# Air Pod by Air Ride Technologies



## f_399 (May 8, 2006)

_Four plumbing connections, three wire connections and four bolts. That’s all it takes to install your new AirPod Air Management System by AirRide Technologies. In about one hour your system will be up and running!
The Air Pod contains a pre-plumbed and pre-wired compressor, tank and valves mounted to a compact, aluminum base and covered by a stylish, custom-molded cover.
Upgrade and clean up your existing system or add bags and a control system to compete your air suspension upgrade. AirRide control systems plug-n-play for quick installation.
* Pre-plumbed and tested for leaks.
* Compact size: 3 Gallon kits measure: 20”L x 12”D x 9.5”H.
* Compact size: 5 Gallon kits measure: 32.25”L x 12”D x 9.5”H.
* Weighs only 24 lbs. 
From show trucks and hot rods to daily drivers, the AirPro System's compact size makes it ideal for just about any vehicle. _ 








Any comments? Quality of parts and build?
Anyone have one?
Thank you! 
http://www.ridetech.com/catalog/airpod-94-1.html


_Modified by f_399 at 12:42 AM 8-31-2008_


----------



## candywhitevdub (Feb 14, 2005)

*Re: Air Pod by Air Ride Technologies (f_399)*

damn thats nuts, air in a box!
you just cant really customize it


----------



## They_Call_Me_Bob (Mar 21, 2006)

*Re: Air Pod by Air Ride Technologies (candywhitevdub)*

Interesting. Never seen it. Cant really add another compressor or anything. 
Kinda cool though. I wonder how quiet it is in that custom tub.


----------



## Retromini (Nov 7, 2004)

*Re: Air Pod by Air Ride Technologies (They_Call_Me_Bob)*


_Quote, originally posted by *They_Call_Me_Bob* »_Interesting. Never seen it. Cant really add another compressor or anything. 
Kinda cool though. I wonder how quiet it is in that custom tub.

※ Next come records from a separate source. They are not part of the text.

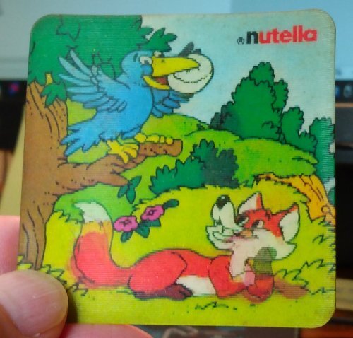 1980? Two each of two Nutella "visiomatic" coasters presenting one of La Fontaine's fables, specifically TH and FC. 1½" square. €15.80 for the group of four from eugtara-20 on Ebay, Feb., '23.
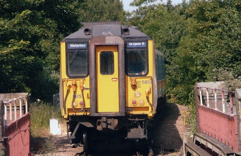Class 455 arriving at Staines Station. Note the livery is the first attempt at Stagecoach livery and is based on the Network South East 'toothpaste' livery, using the Stagecoach colours. It it is interesing to note that this first version of corporate was to be applied to all units including express units such as the Wessex 442 units.
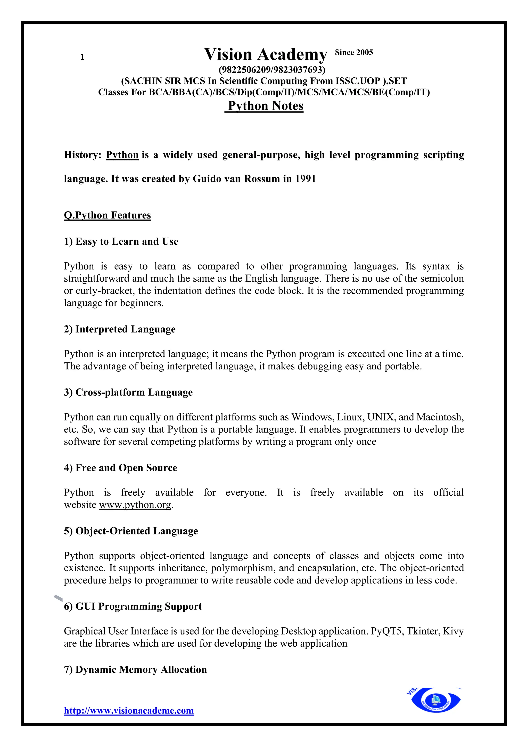 The document outlines the features, applications, and disadvantages of Python programming language, established in 1991 by Guido van Rossum. It highlights Python's ease of learning, portability, object-oriented capabilities, and diverse use cases such as web and software development, scientific computing, and multimedia applications. Additionally, it discusses drawbacks like slower execution speed, memory inefficiency, and challenges in mobile computing.
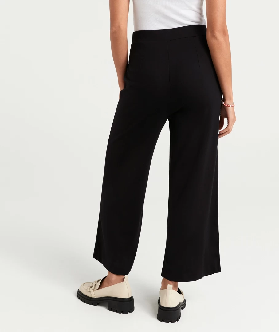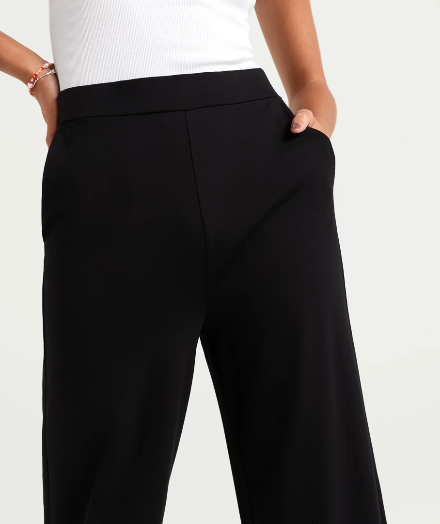Add to the essentials with the Brittany Ecovero Ponte Culotte Pants. Made with lightweight fabric, high waisted, elastic waist band, wide leg fit, soft texture and black colour. Pair with your fave shirt to complete your look. Made from ecovero viscose fibres, which has a lower environmental impact than generic viscose, it leaves water cleaner & has up to 50% less water impact.
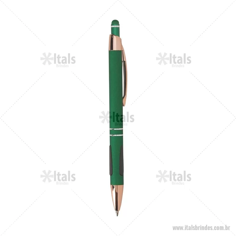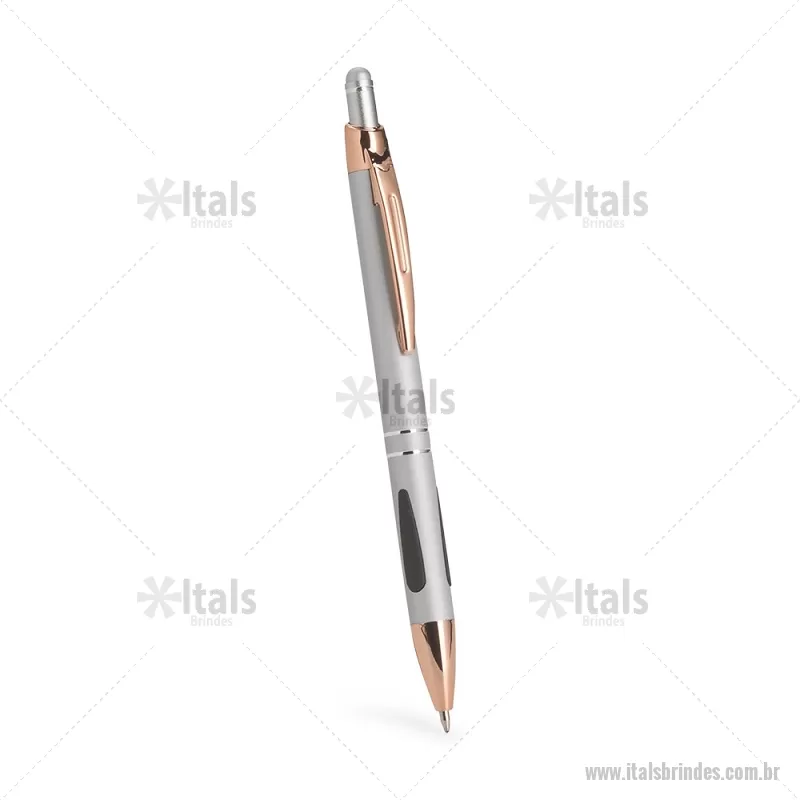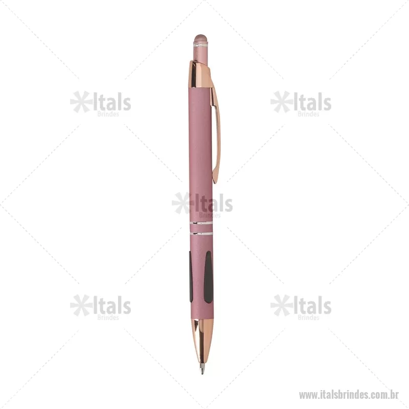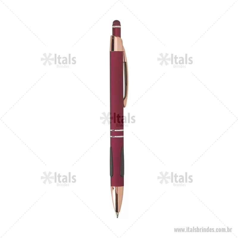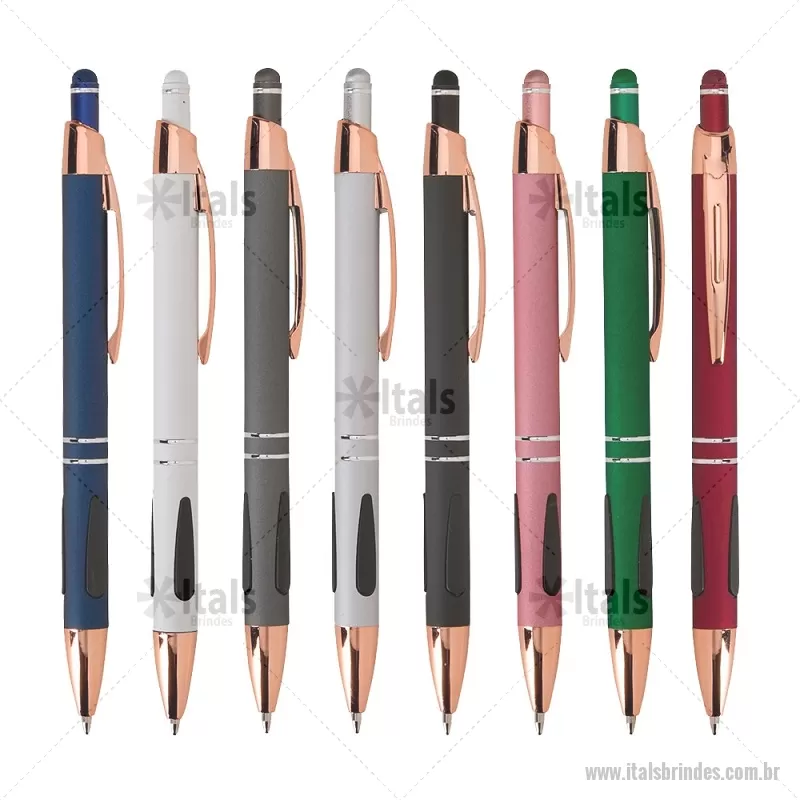 Caneta em metal com detalhes emborrachados, carga esferográfica azul 1,0 mm e acionamento por clique. Possui ponta touch emborrachada para uso em telas sensíveis ao toque, unindo escrita e praticidade em um só item. - - ITACMT295
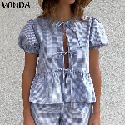 Damskie Letnie Koszulki Top z Bufiastymi Rękawami, Kraciastym Wzorem, Kokardką z Przodu i Falbankami
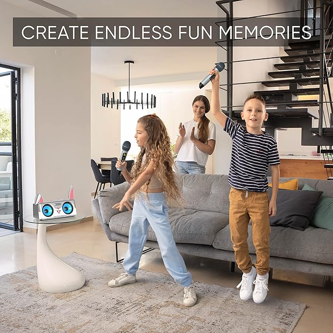 • 【No bunny but you】 - It’s a magic sing-along for every fiesta on the best karaoke machine for kids! The powered 15-watt Bluetooth speaker with microphone set doubles as a portable PA system with wireless mic (actually, two mics). A perfect birthday gift for boys and girls!
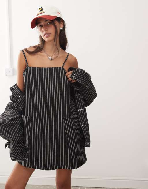 COLLUSION - Denim overgooier-jurk in zwarte streep, deel van co-ord set
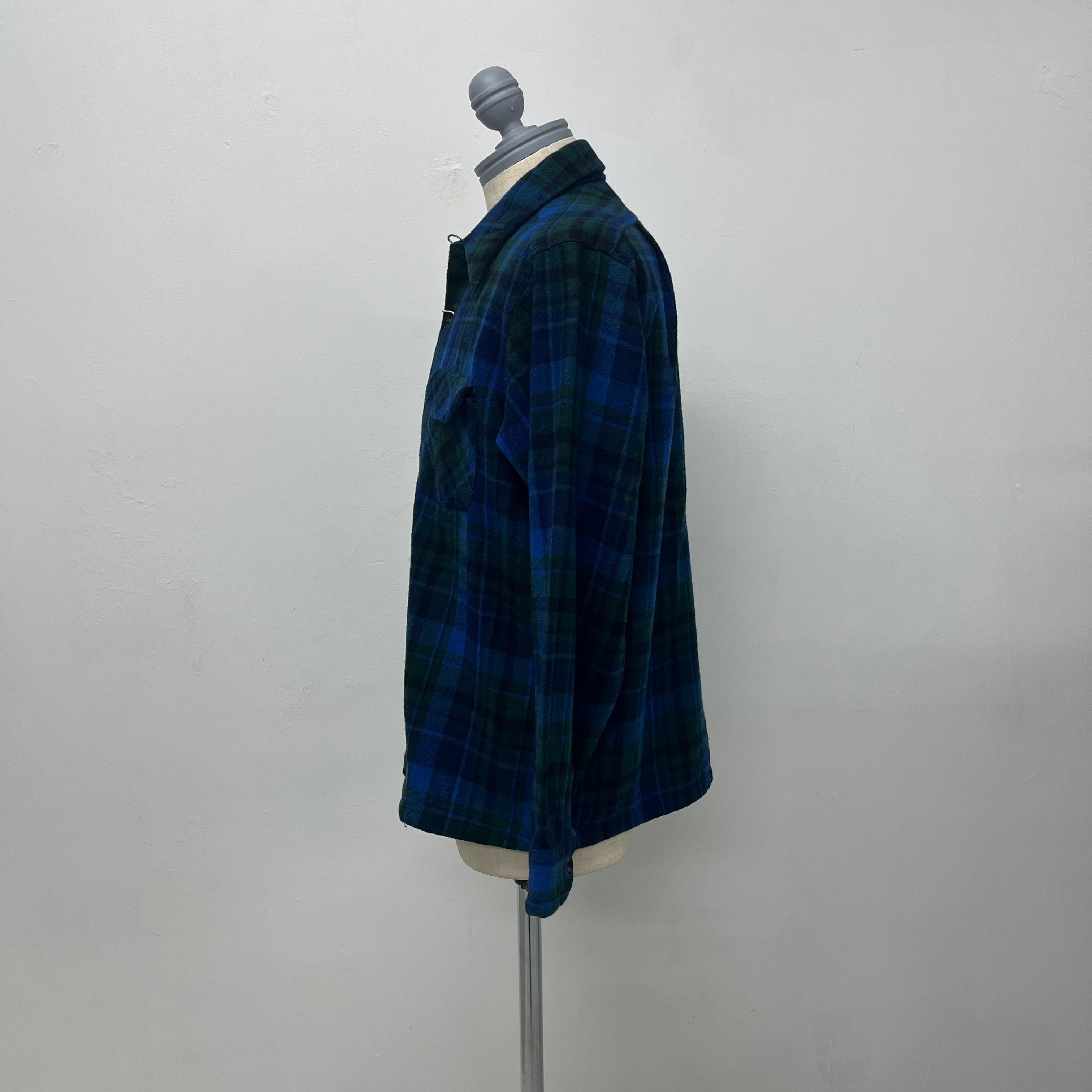 当時のPENDLETONらしい、存在感のあるチェック柄と、ビンテージならではの風合いが魅力的です。サイズはLで、程よくゆったりとしたシルエットは、一枚で着るのはもちろん、パーカーやセーターの上に羽織るアウターとしても重宝します。
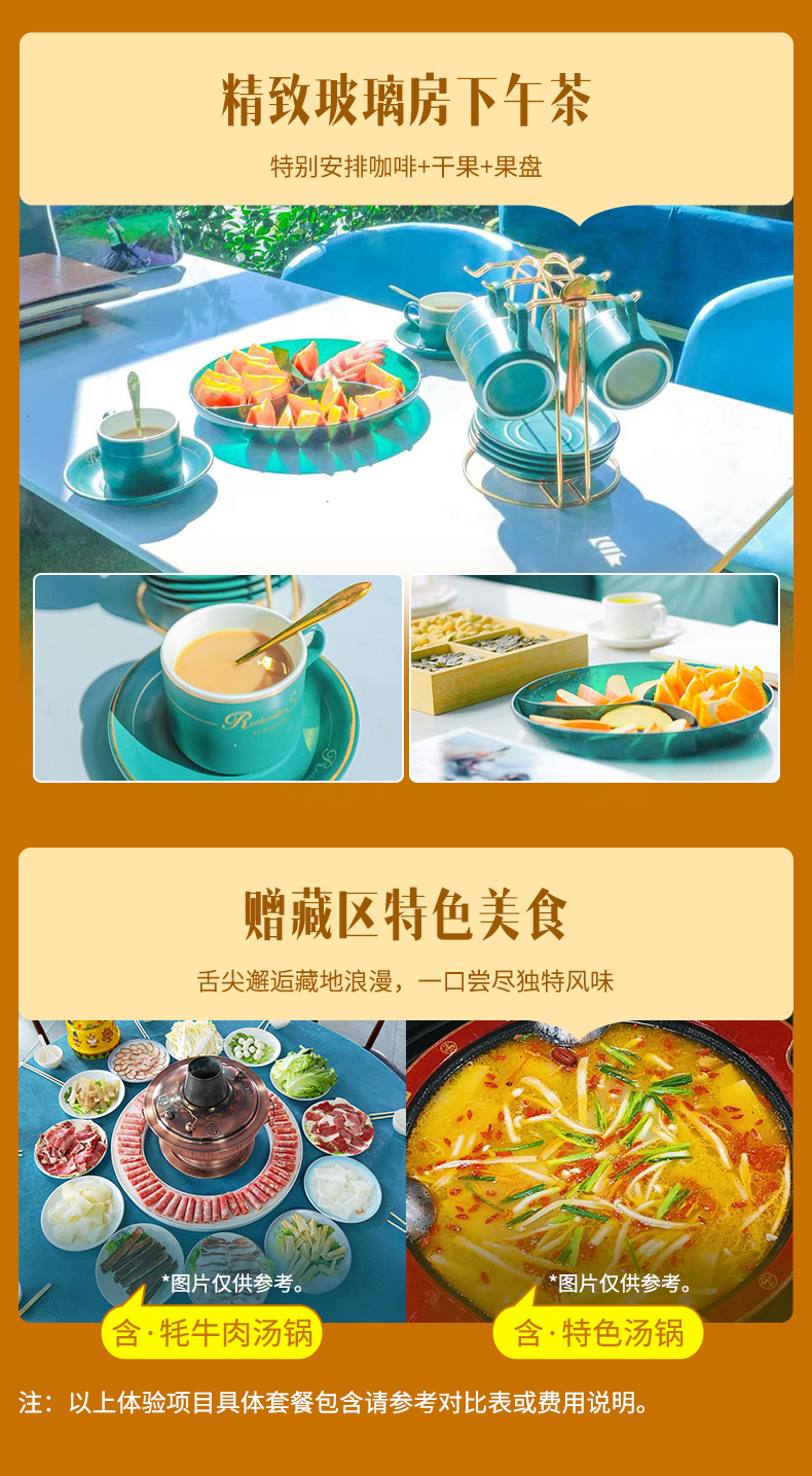 5早(轻奢型为4早),赠送2个特色餐:牦牛肉汤锅、特色汤锅。
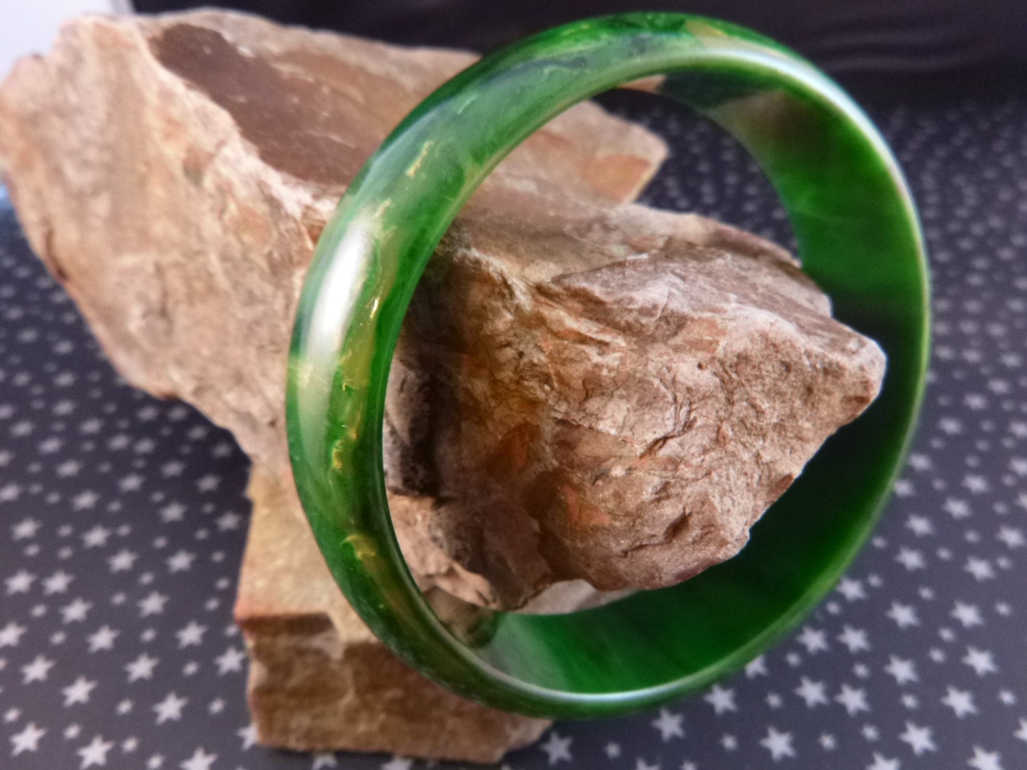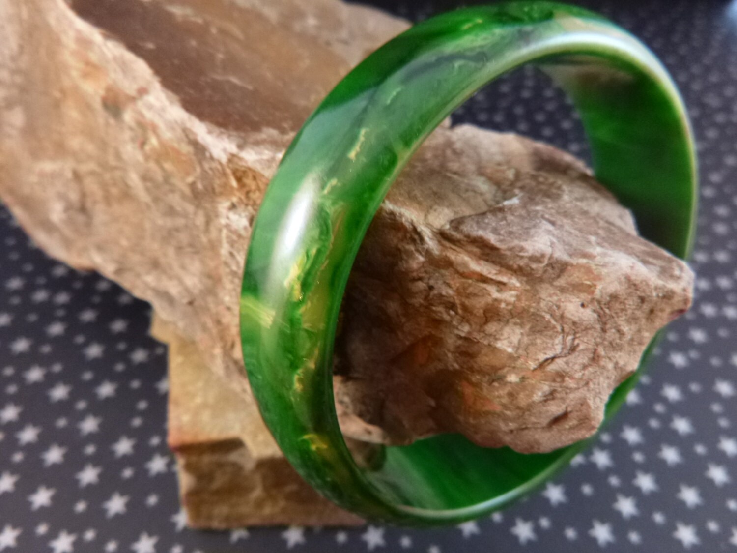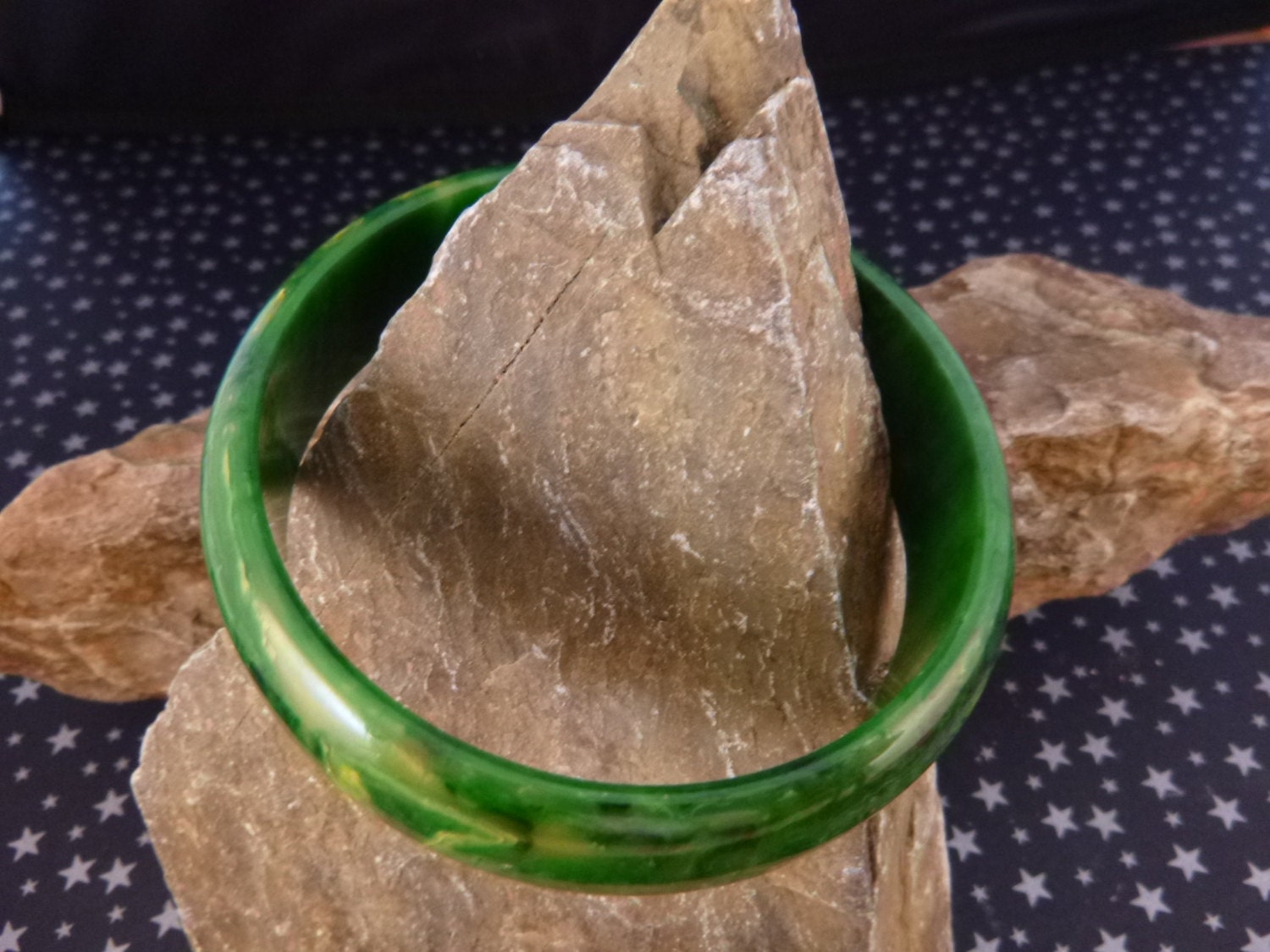 I suspected that this vibrant marble green bangle might be Bakelite when I spied it on an overcrowded seller’s table at the Mile High Flea Market in Denver. The first thing I did was to test it when I returned home using the Simichrome test. It come out positive, producing a yellow residue on a cloth.
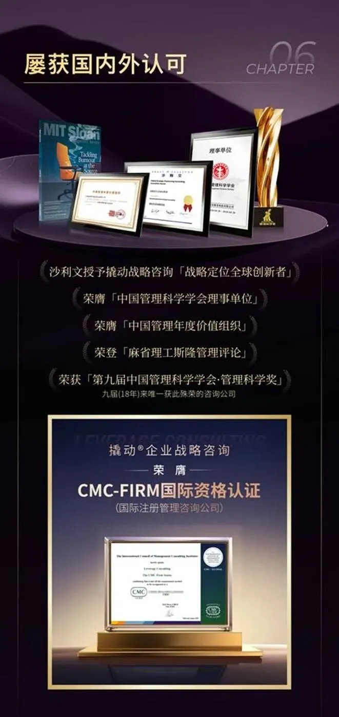 凭借可落地、可复制的实战经验与服务模式,撬动战略咨询被沙利文授予「战略定位全球创新者」,同时也是18年来唯一获中国“管理科学奖”的咨询公司。撬动战略咨询团队10年来已助力62家企业突破性增长,以实战赢得无数认可。
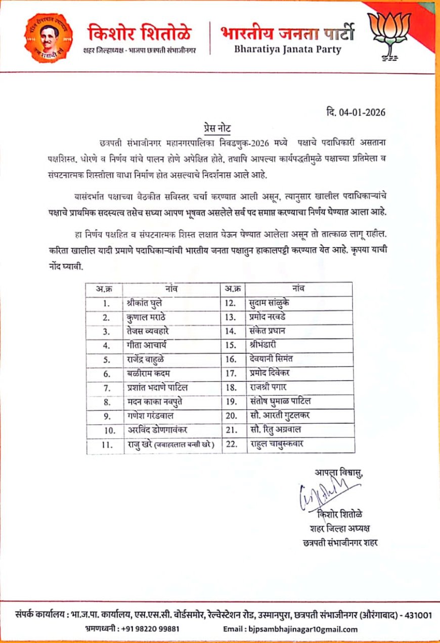 छत्रपती संभाजीनगर (औरंगाबाद), दि.4(डि-24 न्यूज) - छत्रपती संभाजीनगर महापालिका निवडणुकीसाठी सर्वच उमेदवारांनी प्रचाराला सुरुवात केली आहे. शिंदे सेना व भाजपा कडून काही इच्छूकांची संख्या जास्त होती तिकीट मिळाले नसल्याने काहींनी उमेदवारी अर्ज दाखल केला. काही उमेदवारांची समजूत काढून उमेदवारी अर्ज मागे घेण्यासाठी काही प्रमाणात नेत्यांना यश आले परंतु भाजपाचे 14 बंडखोरांनी आपले अर्ज मागे घेतले नसल्याने भाजपाच्या उमेदवारांची डोकेदुखी या निवडणुकीत वाढणार आहे. भारतीय जनता पार्टीचे शहर जिल्हाध्यक्ष किशोर शितोळे यांनी पक्षशिस्त मोडणा-या 22 कार्यकर्त्यांना पक्षातून निलंबित करण्याचा निर्णय घेतला आहे. प्रतिक्रिया देताना त्यांनी सांगितले पक्षाच्या शिस्तीचे उल्लंघन केले असल्याने त्यांच्यावर कारवाई केली आहे आता त्यांना पक्षात घेतले जाणार नाही. ते निवडून येणार नाही निवडून आले तरीही पक्षात त्यांना आता जागा राहणार नाही, पक्षशिस्त मोडने भारतीय जनता पार्टी खपवून घेणार नाही असे शितोळे यांनी सांगितले आहे. आता बंडखोर उमेदवार काय भुमिका घेतात याकडे सर्वांचे लक्ष लागले आहे.
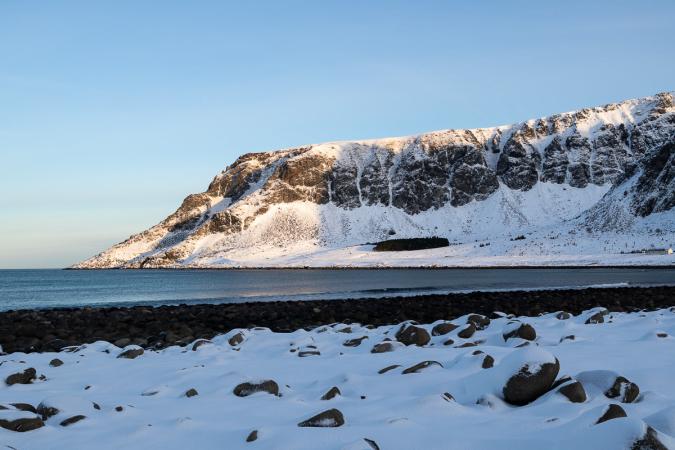 Lundi 12 février : départ à 9h15 direction Unstad par -2°. Il fait du vent. La vue est moyenne.

Check the link....they offer a few different setups including dual compressors and a larger tank. 
Haven't ever heard of anyone using one....but it certainly would make installation pretty simple.


----------



## Larry Appleton (Jan 19, 2007)

*Re: Air Pod by Air Ride Technologies (Retromini)*

Looks quality but IMHO way overpriced. 
The cheapest I see on their site is 1895, you can definitely out do what is included in that kit for a LOT cheaper. Hell you can possibly make a whole air ride kit for a car including bags and all for that price.


----------



## TheMarkP (Jul 24, 2002)

*Re: Air Pod by Air Ride Technologies (Larry Appleton)*

its sweet.....if ur lazyyy


----------



## rollininstyle2004 (Jun 8, 2005)

I mean, its good stuff and all, but you could buy the SAME products (all Air Ride Tech stuff) for cheaper, but it wouldnt come in the ready made tub. It is definitely easier, so you might save some on install costs if you are not DIY, but as mentioned above it seems overpriced.


----------



## windsorvr (Nov 23, 2004)

*Re: (rollininstyle2004)*

my local shop has used it so i dont have first hand experience with it but ive checked it out.it looked super simple, no headaches involved, guess thats the whole reason for it but i would prefer building you own


----------



## baggedbox707 (Sep 1, 2008)

This would be way cool to use if you are rich and fat.


----------



## f_399 (May 8, 2006)

thanks for the comments


----------



## VR6JetPilot (Sep 23, 2001)

*Re: Air Pod by Air Ride Technologies (f_399)*

i think this would be perfect for someone like me.
i'm a little older than most of you and have 2 small kids.
so i don't have a lot of time to work on a car, know nothing about air, don't really know anyone with air, etc......but i do like the functionality and of course the looks of having air ride.
i also don't show my car so i don't need any 'custom' setup.


----------



## TheMarkP (Jul 24, 2002)

*Re: Air Pod by Air Ride Technologies (VR6JetPilot)*


_Quote, originally posted by *VR6JetPilot* »_i think this would be perfect for someone like me.
i'm a little older than most of you and have 2 small kids.
so i don't have a lot of time to work on a car, know nothing about air, don't really know anyone with air, etc......but i do like the functionality and of course the looks of having air ride.
i also don't show my car so i don't need any 'custom' setup.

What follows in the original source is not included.